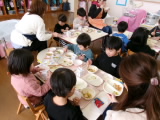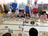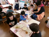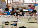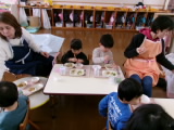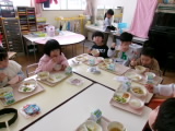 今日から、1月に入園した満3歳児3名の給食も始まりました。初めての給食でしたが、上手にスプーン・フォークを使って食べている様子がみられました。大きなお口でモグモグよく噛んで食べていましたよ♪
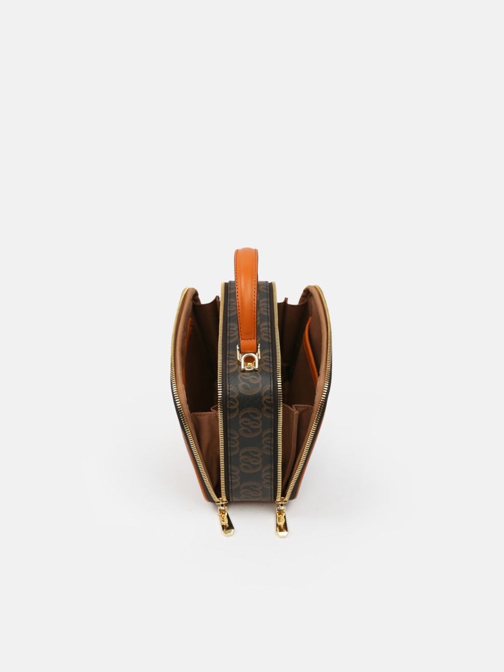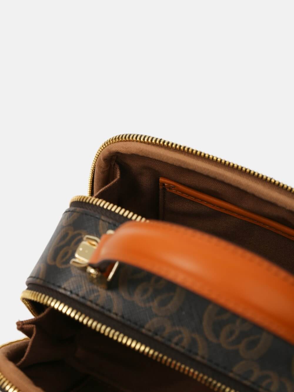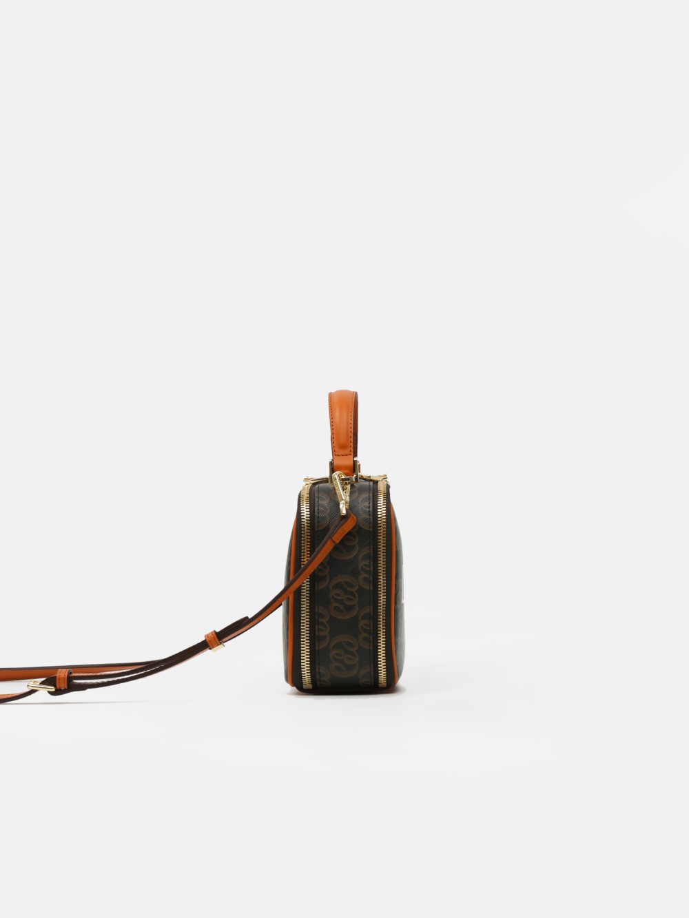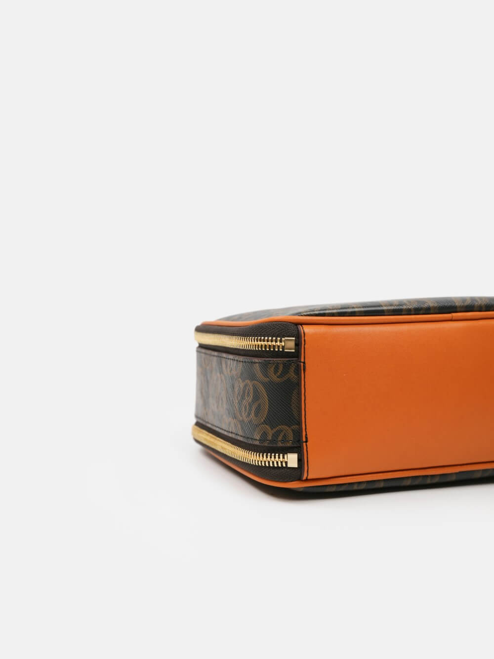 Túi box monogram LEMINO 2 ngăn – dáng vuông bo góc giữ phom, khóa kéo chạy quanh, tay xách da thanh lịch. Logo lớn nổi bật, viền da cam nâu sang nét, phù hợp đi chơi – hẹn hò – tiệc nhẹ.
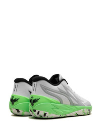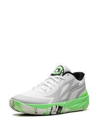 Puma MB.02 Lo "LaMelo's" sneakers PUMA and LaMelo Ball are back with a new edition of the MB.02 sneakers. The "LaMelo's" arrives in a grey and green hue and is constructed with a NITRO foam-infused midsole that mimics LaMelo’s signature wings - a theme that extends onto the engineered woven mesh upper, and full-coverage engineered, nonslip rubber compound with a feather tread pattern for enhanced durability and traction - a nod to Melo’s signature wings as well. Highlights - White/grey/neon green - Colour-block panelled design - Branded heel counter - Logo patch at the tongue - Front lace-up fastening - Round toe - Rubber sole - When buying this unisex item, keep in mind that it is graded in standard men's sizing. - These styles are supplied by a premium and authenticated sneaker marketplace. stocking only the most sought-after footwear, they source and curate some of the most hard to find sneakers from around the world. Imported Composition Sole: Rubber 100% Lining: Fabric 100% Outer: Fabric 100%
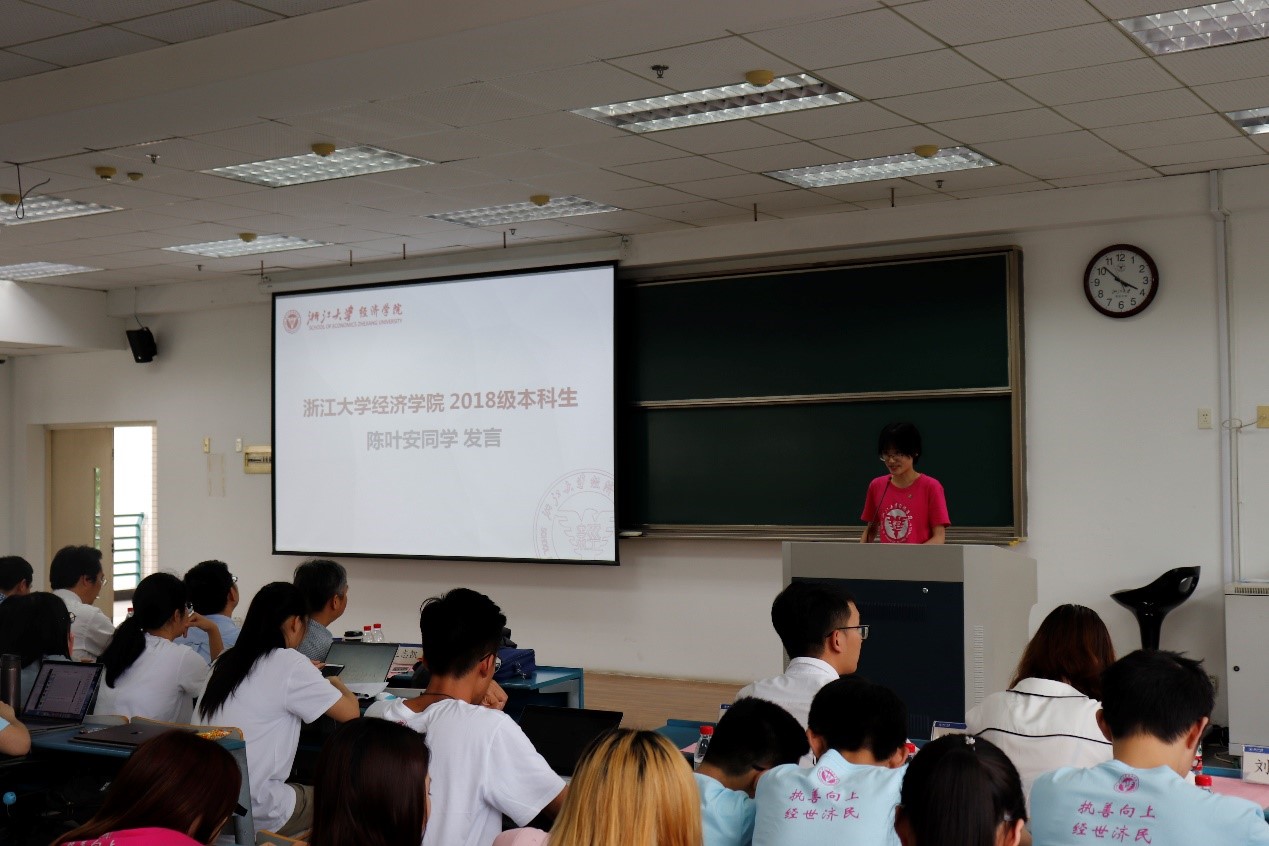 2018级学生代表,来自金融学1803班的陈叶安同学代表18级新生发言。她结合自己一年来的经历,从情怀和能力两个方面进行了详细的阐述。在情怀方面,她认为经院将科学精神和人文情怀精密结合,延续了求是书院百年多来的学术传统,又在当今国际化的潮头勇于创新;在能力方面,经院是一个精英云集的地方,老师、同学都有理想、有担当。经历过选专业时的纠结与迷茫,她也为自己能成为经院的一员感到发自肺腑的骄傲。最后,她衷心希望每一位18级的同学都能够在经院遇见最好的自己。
==
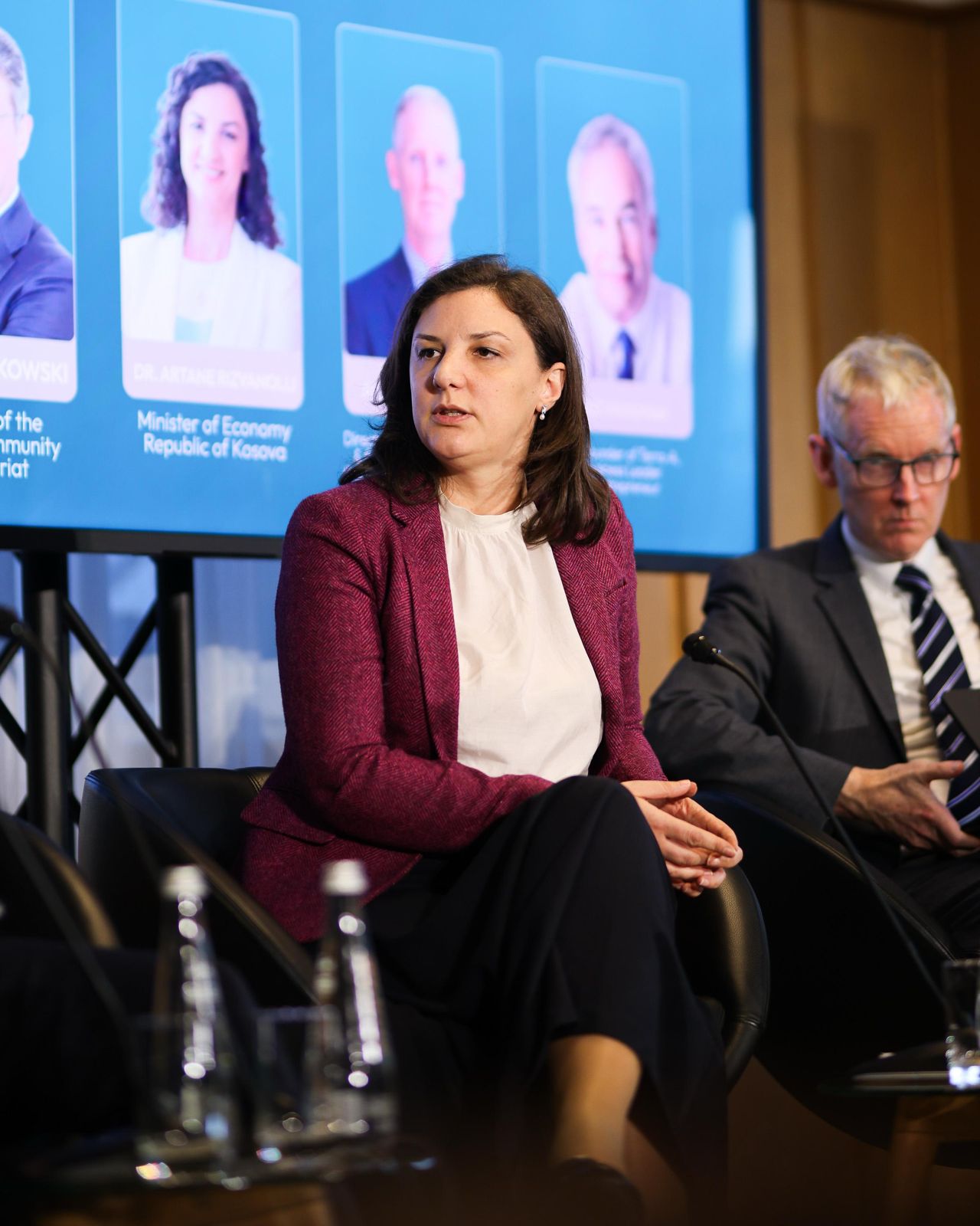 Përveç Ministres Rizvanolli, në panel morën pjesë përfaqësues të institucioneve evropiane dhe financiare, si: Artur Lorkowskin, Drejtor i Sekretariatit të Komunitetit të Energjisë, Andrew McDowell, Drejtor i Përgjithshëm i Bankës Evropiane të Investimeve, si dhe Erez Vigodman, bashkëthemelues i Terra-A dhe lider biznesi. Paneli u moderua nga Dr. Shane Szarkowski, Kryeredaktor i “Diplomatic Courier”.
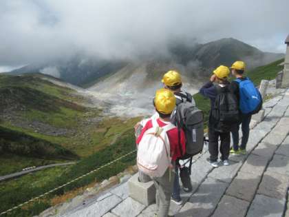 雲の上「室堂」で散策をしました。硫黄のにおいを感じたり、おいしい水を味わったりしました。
---
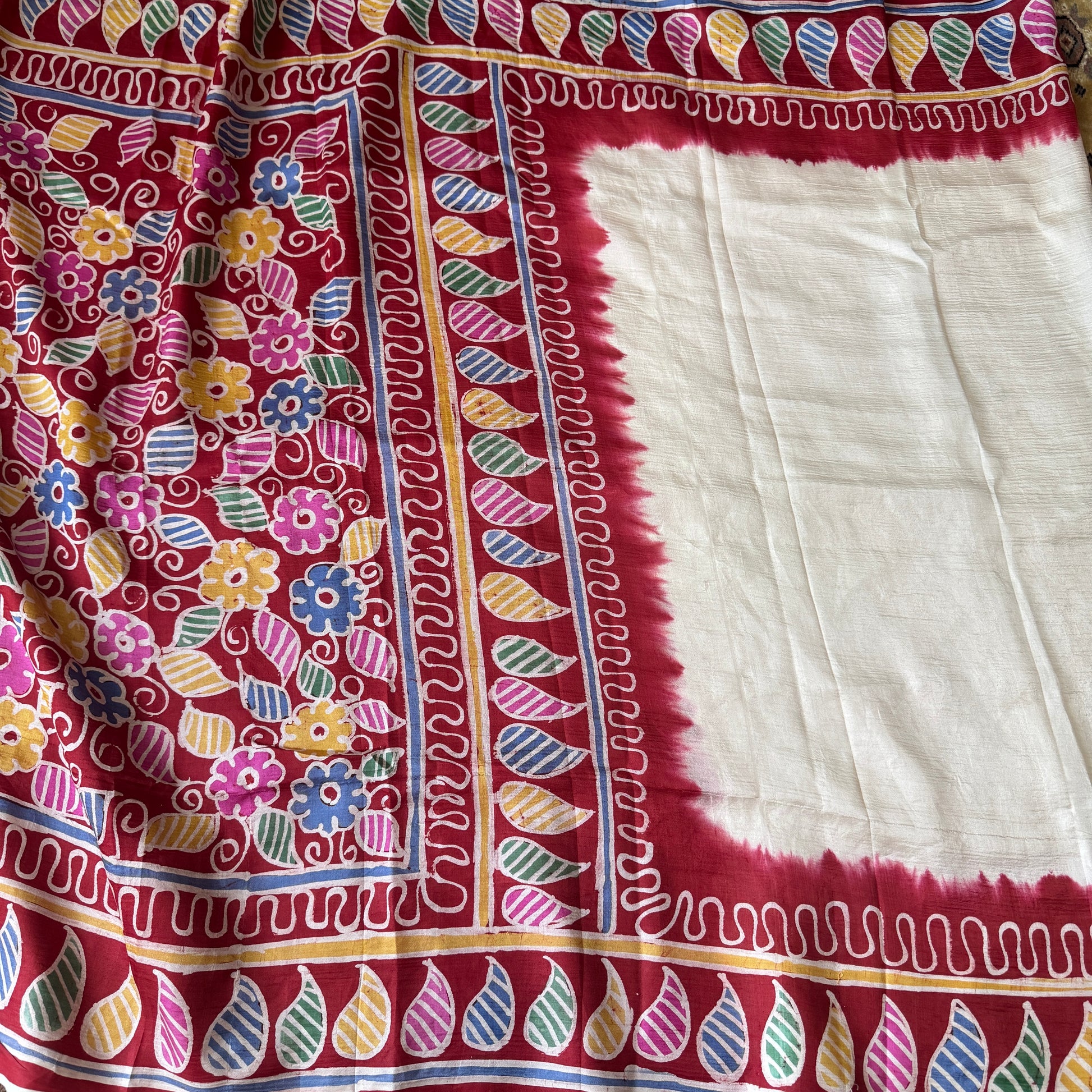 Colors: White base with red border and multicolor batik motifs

### HOW TO COMPLETE THIS TASK:
Once the line with "今日から、1月に入園した満3" has been found above, output that line and every later line exactly, stopping after the line with "2018级学生代表,来自金融", and omit the pictures.

### ANSWER SPACE:
 今日から、1月に入園した満3歳児3名の給食も始まりました。初めての給食でしたが、上手にスプーン・フォークを使って食べている様子がみられました。大きなお口でモグモグよく噛んで食べていましたよ♪
 Túi box monogram LEMINO 2 ngăn – dáng vuông bo góc giữ phom, khóa kéo chạy quanh, tay xách da thanh lịch. Logo lớn nổi bật, viền da cam nâu sang nét, phù hợp đi chơi – hẹn hò – tiệc nhẹ.
 Puma MB.02 Lo "LaMelo's" sneakers PUMA and LaMelo Ball are back with a new edition of the MB.02 sneakers. The "LaMelo's" arrives in a grey and green hue and is constructed with a NITRO foam-infused midsole that mimics LaMelo’s signature wings - a theme that extends onto the engineered woven mesh upper, and full-coverage engineered, nonslip rubber compound with a feather tread pattern for enhanced durability and traction - a nod to Melo’s signature wings as well. Highlights - White/grey/neon green - Colour-block panelled design - Branded heel counter - Logo patch at the tongue - Front lace-up fastening - Round toe - Rubber sole - When buying this unisex item, keep in mind that it is graded in standard men's sizing. - These styles are supplied by a premium and authenticated sneaker marketplace. stocking only the most sought-after footwear, they source and curate some of the most hard to find sneakers from around the world. Imported Composition Sole: Rubber 100% Lining: Fabric 100% Outer: Fabric 100%
 2018级学生代表,来自金融学1803班的陈叶安同学代表18级新生发言。她结合自己一年来的经历,从情怀和能力两个方面进行了详细的阐述。在情怀方面,她认为经院将科学精神和人文情怀精密结合,延续了求是书院百年多来的学术传统,又在当今国际化的潮头勇于创新;在能力方面,经院是一个精英云集的地方,老师、同学都有理想、有担当。经历过选专业时的纠结与迷茫,她也为自己能成为经院的一员感到发自肺腑的骄傲。最后,她衷心希望每一位18级的同学都能够在经院遇见最好的自己。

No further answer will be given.